Allowing employees to make decisions on their own — with your support — can yield many benefits. For starters, just telling people what to do disempowers them and makes them feel devalued, while independence and autonomy makes them feel more valued.

Empowered employees also buy in to projects and assignments; it’s easier for employees to commit to something they’ve had a hand in deciding. In addition, it’s also easier to hold them accountable for results. Moreover, studies show that employees value engagement and empowerment over money, in terms of how they impact job satisfaction.

How do you get command-and-control managers to buy into the concept of coaching? After all, most managers didn’t develop their management styles overnight, and en-trenched habits are hard to break. Pruett suggests appealing to their sensibilities by asking them how they’d want to be led: micro-managed or empowered? Or appeal to their sense of what’s best for their company or organization. And it’ll get easier after they begin to see results from their new coaching approach to management.

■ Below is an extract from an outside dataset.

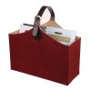 Klasik çizgilere sahip bu şık gazetelik, bordo renkli kumaş kaplama ve kahverengi deri kulpuyla dikkat çekiyor. Dikdörtgen formundaki tasarım, klasik ev dekorasyonuna uyumlu bir tarzı yansıtıyor.
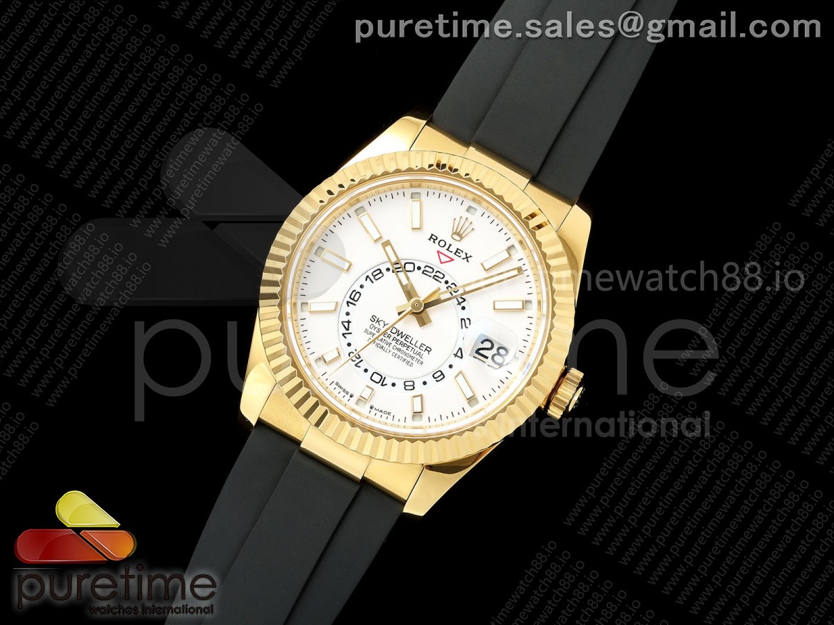ZF 롤렉스 스카이드웰러 텅스텐(Cu-W) 옐로우골드 화이트다이얼 블랙러버스트랩 Sky-Dweller 336238 YG ZF 1:1 Best Edition White Dial on Oysterflex Strap A23J (Gain Weight)

“One of your jobs as a manager is to develop your employees and find your replacement, and this is a purposeful way to do that,” Pruett says. “Some people feel threatened by that concept. But for most people, they just lack the skill — no one ever taught them.

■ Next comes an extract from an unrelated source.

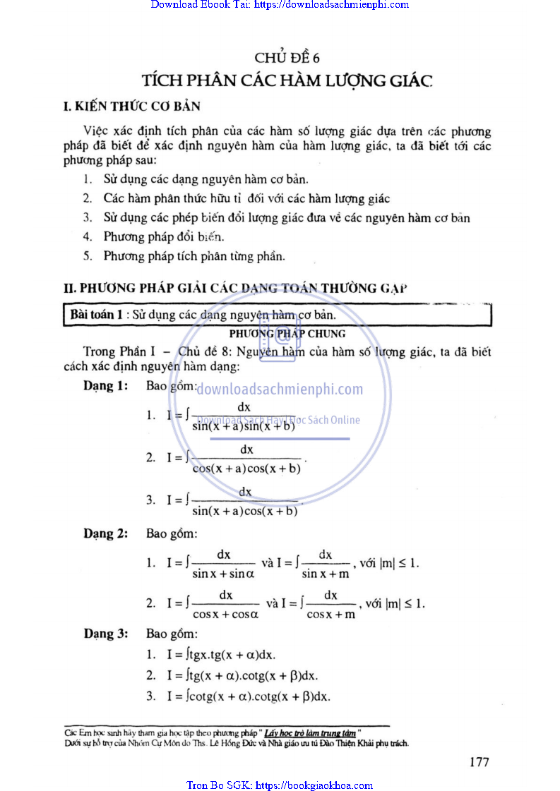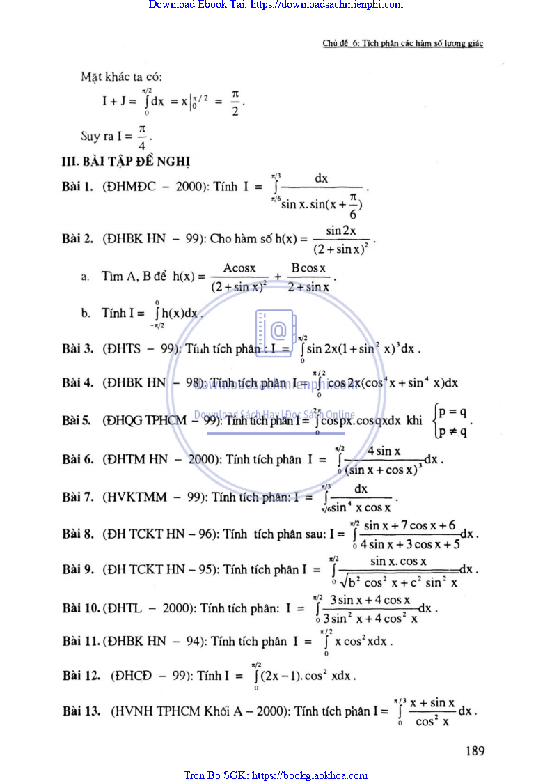 - CHỦ ĐỀ 6: TÍCH PHÂN CÁC HÀM LƯỢNG GIÁC

“When they get a chance to learn coaching skills, they do remarkably well,” he continues. “All of sudden, they see that it works, that it actually can make their life better.”

Basic skill requirements

Pruett says effective coaching requires six basic skills:

  • 1. A good manager-employee relationship. If you don’t trust each other, coaching will be ineffective.
  • 2. Great listening ability. Good coaching is 80 percent listening and 20 percent talking.
  • 3. Asking thought-provoking questions. Pose questions that make people reflect on or analyze their situation, so they can make effective decisions. For example, instead of asking an employee how they spent a day, ask him or her how they could have been more effective. This spurs some internal evaluation and engages thinking skills.
  • 4. Effective strategizing. When you assign a project, don’t tell employees what to do. Instead, talk about the best ways to complete it — discuss resources needed, deadlines, potential obstacles, etc.
    “It’s like a roadmap,” Pruett points out. “Often there are one thousand ways to get to the same endpoint. But it’s your job to help them figure out that best way for them and for the company.”
  • 5. Provide feedback. Challenge employees’ assumptions and point out any inconsistencies in their approach to a project. Moreover, hold them accountable — pin them down to making a commitment.
  • 6. Offer encouragement. This is particularly important for employees who resist change and may not feel comfortable in their new, more-engaged role.

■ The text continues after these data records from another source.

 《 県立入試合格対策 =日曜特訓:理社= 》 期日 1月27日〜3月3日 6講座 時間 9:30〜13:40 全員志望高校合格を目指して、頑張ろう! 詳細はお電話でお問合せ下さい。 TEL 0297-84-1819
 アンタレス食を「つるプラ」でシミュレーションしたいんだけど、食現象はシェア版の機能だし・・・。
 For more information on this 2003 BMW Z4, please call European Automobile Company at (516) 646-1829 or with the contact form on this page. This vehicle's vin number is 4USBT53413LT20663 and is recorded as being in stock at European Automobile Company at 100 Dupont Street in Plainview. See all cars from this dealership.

“Just give them a pat on the back,” Pruett suggests. “Sometimes it’s as simple as giving them permission … or helping them believe in themselves. Just don’t encourage them to do something way beyond their skill level.”

All six skills are entwined, Pruett notes; none of them stand alone. And learning these skills, as well as changing your management style from a drill sergeant to a coach, may take some time.

“But if you make an honest effort, starting with a sincere desire to do what’s best for employees, these skills will take you a long way down the road toward maximizing the effectiveness of your employees,” he concludes.